The above commands recode PV values into all levels, but we can also simplify, e.g., by distinguishing only students below level 2 (value 1) and those at level 2 or above (value 0).
With these variables, we can calculate the percentages of students at different levels. Let’s compute this for Poland.
. repest PISA if cnt=="POL" , estimate(freq math@level)
Survey parameters have been changed to PISA2015
_pooled..........
: _pooled
------------------------------------------------------------------------------
| Coefficient Std. err. z P>|z| [95% conf. interval]
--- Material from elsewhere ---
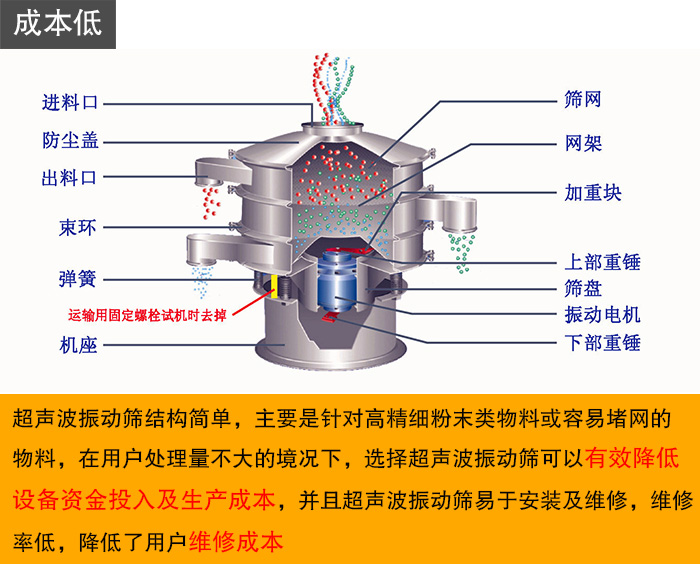 超聲波振動篩結(jié)構(gòu)簡單,主要是針對高精細粉末類物料或容易堵網(wǎng)的物料,在用戶處理量不大的境況下,選擇超聲波振動篩可以有效降低設(shè)備資金投入及生產(chǎn)成本,并且超聲波振動篩易于安裝及維修,維修率低,降低了用戶維修成本。

------------+----------------------------------------------------------------
math_level_0 | .0740546 .0629373 1.18 0.239 -.0493001 .1974094
math_level_1 | 1.129739 .2436488 4.64 0.000 .6521962 1.607282
math_level_2 | 6.367772 .5078255 12.54 0.000 5.372453 7.363092
math_level_3 | 15.4304 .7576769 20.37 0.000 13.94538 16.91542
math_level_4 | 23.75994 .9219499 25.77 0.000 21.95295 25.56692
math_level_5 | 25.58255 .8678128 29.48 0.000 23.88167 27.28344
math_level_6 | 18.24058 .6846419 26.64 0.000 16.89871 19.58245
math_level_7 | 7.499555 .4674799 16.04 0.000 6.583311 8.415799
math_level_8 | 1.915414 .2991674 6.40 0.000 1.329057 2.501771
------------------------------------------------------------------------------3.7.2 Linear regression
In this example, we’ll analyze the association between students’ socio-economic status (ESCS) and their math scores (PV@MATH).
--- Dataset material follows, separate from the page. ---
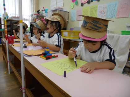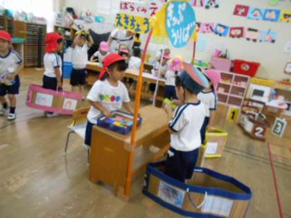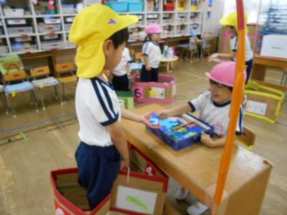今日は、3学年みんなで一緒に遊びました。さくら組(3歳児)も2階の電車ごっこの場で、ばら組(4歳児)きく組(5歳児)の遊びを真似て、駅長さんや切符売り場の駅員さんになって遊んでいました。

The results(add(r2 N)) option: This option allows you to add extra statistics to the results table, which Stata stores by default. Here, we add R-squared (e_r2) - a measure of model fit, and number of observations (e_N).
We’ll conduct the analyses separately for Poland and the Czech Republic.
* Linear regression model
* Standard, linear effect
. repest PISA, estimate(stata: reg PV@MATH ESCS) by(cnt) results(add(r2 N))
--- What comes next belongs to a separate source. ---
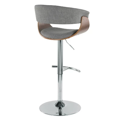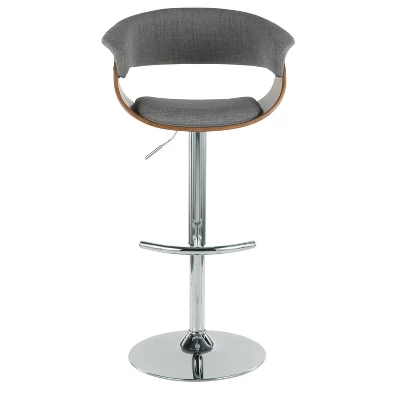 The Mod Adjustable Barstool from LumiSource is a stylish and comfortable seating solution that marries form and function. The cushioned seat and back are artfully curved for a sleek silhouette while the rich wood grain frames the bottom seat cushion for a nod to mid-century modern design. The adjustable base and convenient footrest add practical details to fit your bar or table height requirements. These mid-century modern barstools with contemporary conveniences have a classic appeal that will contribute chic style to your kitchen or bar.

Survey parameters have been changed to PISA2015
`"CZE"' `"POL"'
CZE..........
cnt : CZE
------------------------------------------------------------------------------
| Coefficient Std. err. z P>|z| [95% conf. interval]
------------+----------------------------------------------------------------
ESCS | 50.58072 1.800561 28.09 0.000 47.05168 54.10975
_cons | 492.6841 1.810705 272.10 0.000 489.1352 496.2331
e_r2 | .2204457 .0121808 18.10 0.000 .1965719 .2443196
e_N | 8301 . . . . .
------------------------------------------------------------------------------
POL..........
cnt : POL
------------------------------------------------------------------------------
| Coefficient Std. err. z P>|z| [95% conf. interval]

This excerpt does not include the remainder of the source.